Work task » What you produce should be the lines from the line containing "Очистила лук и" through the last line below, both ends included, reproduced exactly and without pictures.
++++ Data listing ++++
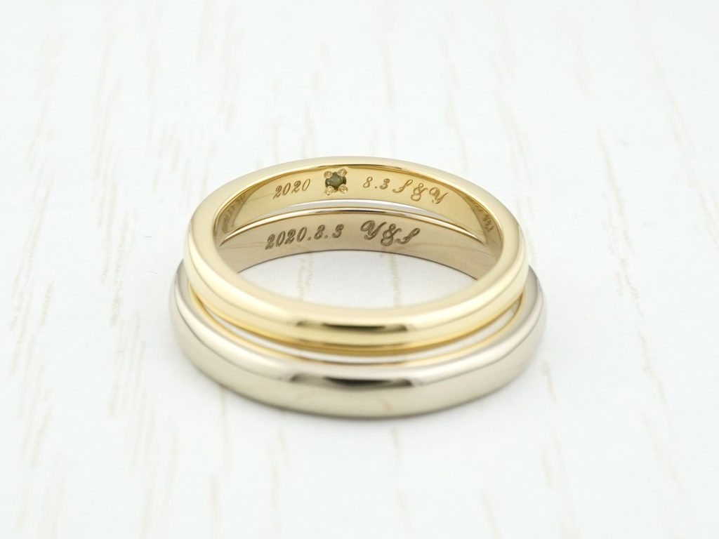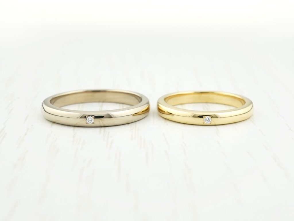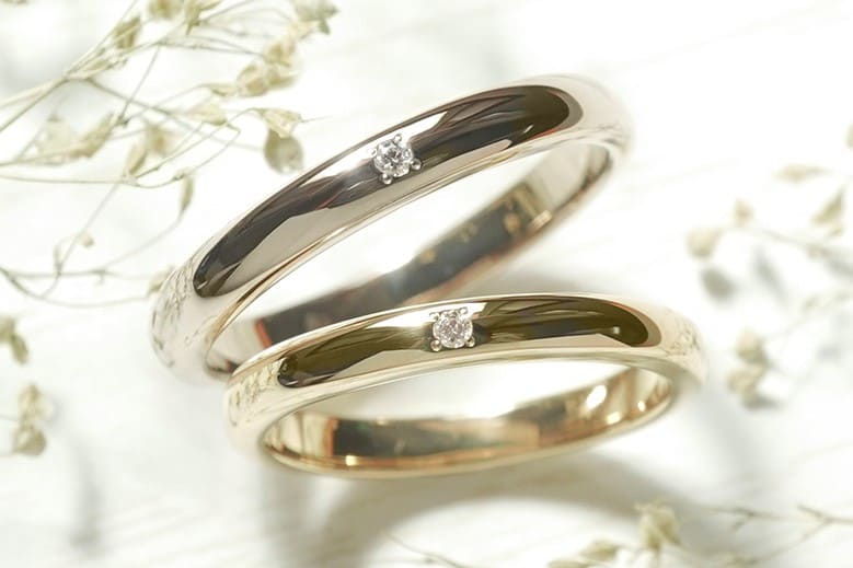 指輪の中央にはおふたりともダイヤモンドを留めて
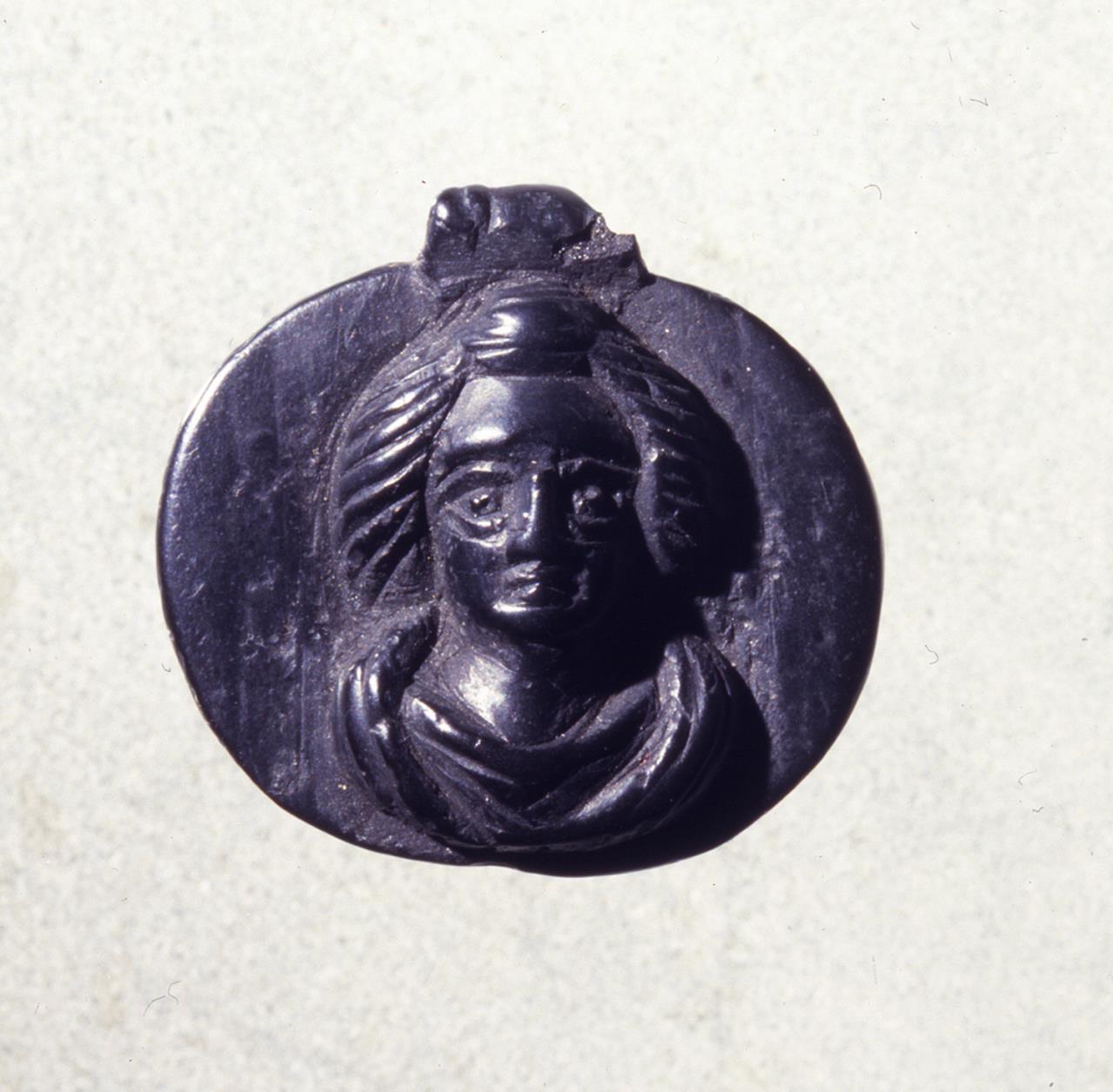 Oval pendant with the bust of a female carved in relief with a wide plain border on either side. Her hair is worn in a topknot (possibly a cap) with the side hair pulled back in strands to frame her face. The draperies around shoulders suggest a shawl worn over a cowl-necked dress. A decorative suspension tube runs across the top of the pendant. Both surfaces are dull. Eboracum described it as "...has a lug at the top perforated for suspension....a horizontal oval pendant.... exhibits centrally on a flat ground a draped female bust in relief with hair arranged in a double parting on either side of a central chignon or cap."
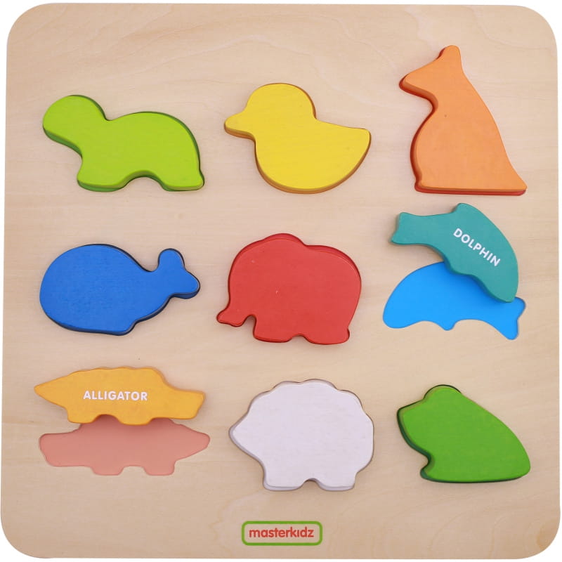 Wspaniała drewniana zabawka sensoryczna dla dzieci marki MASTERKIDZ, która polega na dopasowaniu klocków z kolorowymi zwierzątkami do otworów o odpowiednim kształcie. W zestawie 9 kolorowych klocków, oraz tablica z otworami, w których należy umieścić zwierzątka. Zabawa sorterem kształtów pozwala dziecku na rozwinięcie zdolności logicznego myślenia, a także poprawienie umiejętności motorycznych.
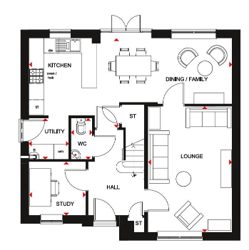 The Maidstone is a 3 bedroom home available at Willow Grove .This home offers an open-plan kitchen and dining area with French doors opening onto the rear garden.
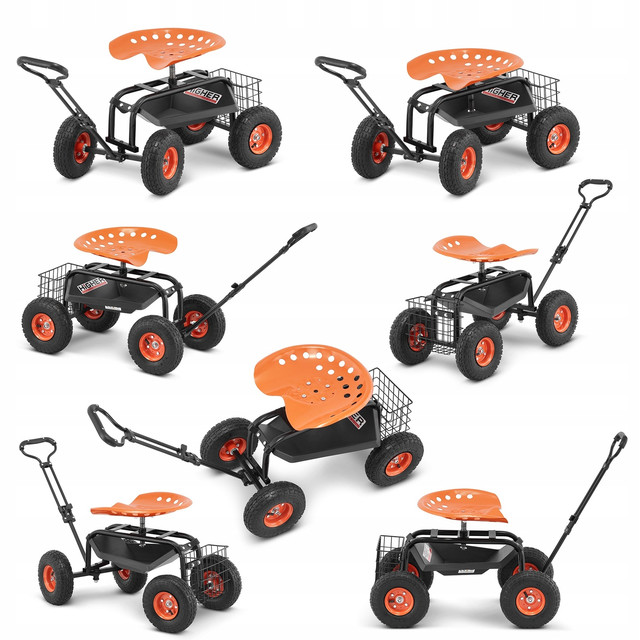 Универсальная и многофункциональная садовая тележка HIGHER с поворотным на 360 градусов сиденьем и регулируемой высотой — идеальное решение для любых работ в саду, огороде или на участке. Коляска была создана для улучшения условий труда и, прежде всего, разгрузки позвоночника и коленей при длительной работе. Конструкция тележки, более подробно описанная ниже, позволяет осуществлять комфортную и эргономичную длительную работу без усталости и перегрузок. Прочная стальная конструкция, рассчитанная на нагрузку до 150 кг, гарантирует безопасность и устойчивость. Прочные материалы, такие как сталь и пластик – гарантируют долгую и безаварийную эксплуатацию. Эта универсальная садовая табуретка может стать прекрасным инструментом для повседневной работы на участке, в саду, огороде или даже в мастерской или гараже.
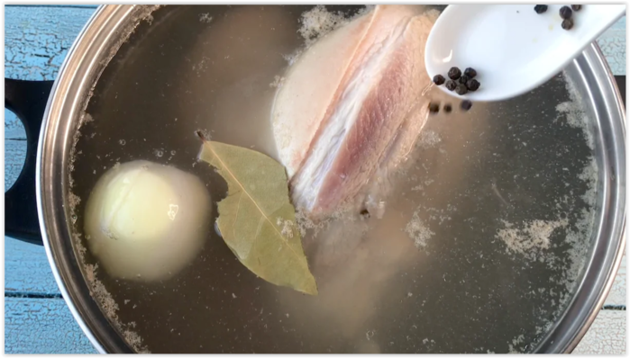 Очистила лук и морковь, опустила в бульон, добавила перец горошком, лавровый лист и соль, накрыла крышкой и варила на слабом огне 2 часа.
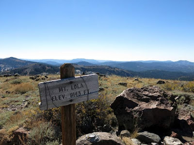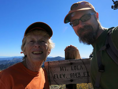 Mt. Lola is the highest peak in Nevada County. We chose to approach it from the north, taking the gentler route, but didn't want the full 10.5-mile round trip from the standard trailhead. Fortuately, our trusty truckster was up to the task of following the overgrown lumpy forest road up to a cheater entrance further up (and our trusty driver was up to wandering around a bit to find unmarked Forest Road 301-75 as it wound its way through the maze of logging roads...)
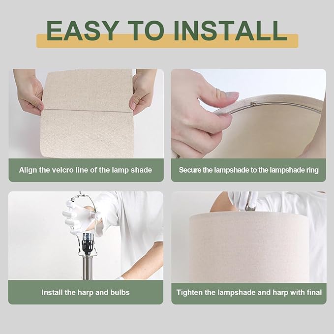 - 【Easy to Assemble】Our set of 2 bedside lamps require assembly, but don't worry—it’s straightforward with the included instruction manual(You can also check out our installation video or the picture steps on the details page). If you encounter any difficulties, please reach out to us via email for assistance.Lamps each use maximum 60 watt standard-medium base bulbs (bulbs not included).
++++
Response box »
 Очистила лук и морковь, опустила в бульон, добавила перец горошком, лавровый лист и соль, накрыла крышкой и варила на слабом огне 2 часа.
 Mt. Lola is the highest peak in Nevada County. We chose to approach it from the north, taking the gentler route, but didn't want the full 10.5-mile round trip from the standard trailhead. Fortuately, our trusty truckster was up to the task of following the overgrown lumpy forest road up to a cheater entrance further up (and our trusty driver was up to wandering around a bit to find unmarked Forest Road 301-75 as it wound its way through the maze of logging roads...)
 - 【Easy to Assemble】Our set of 2 bedside lamps require assembly, but don't worry—it’s straightforward with the included instruction manual(You can also check out our installation video or the picture steps on the details page). If you encounter any difficulties, please reach out to us via email for assistance.Lamps each use maximum 60 watt standard-medium base bulbs (bulbs not included).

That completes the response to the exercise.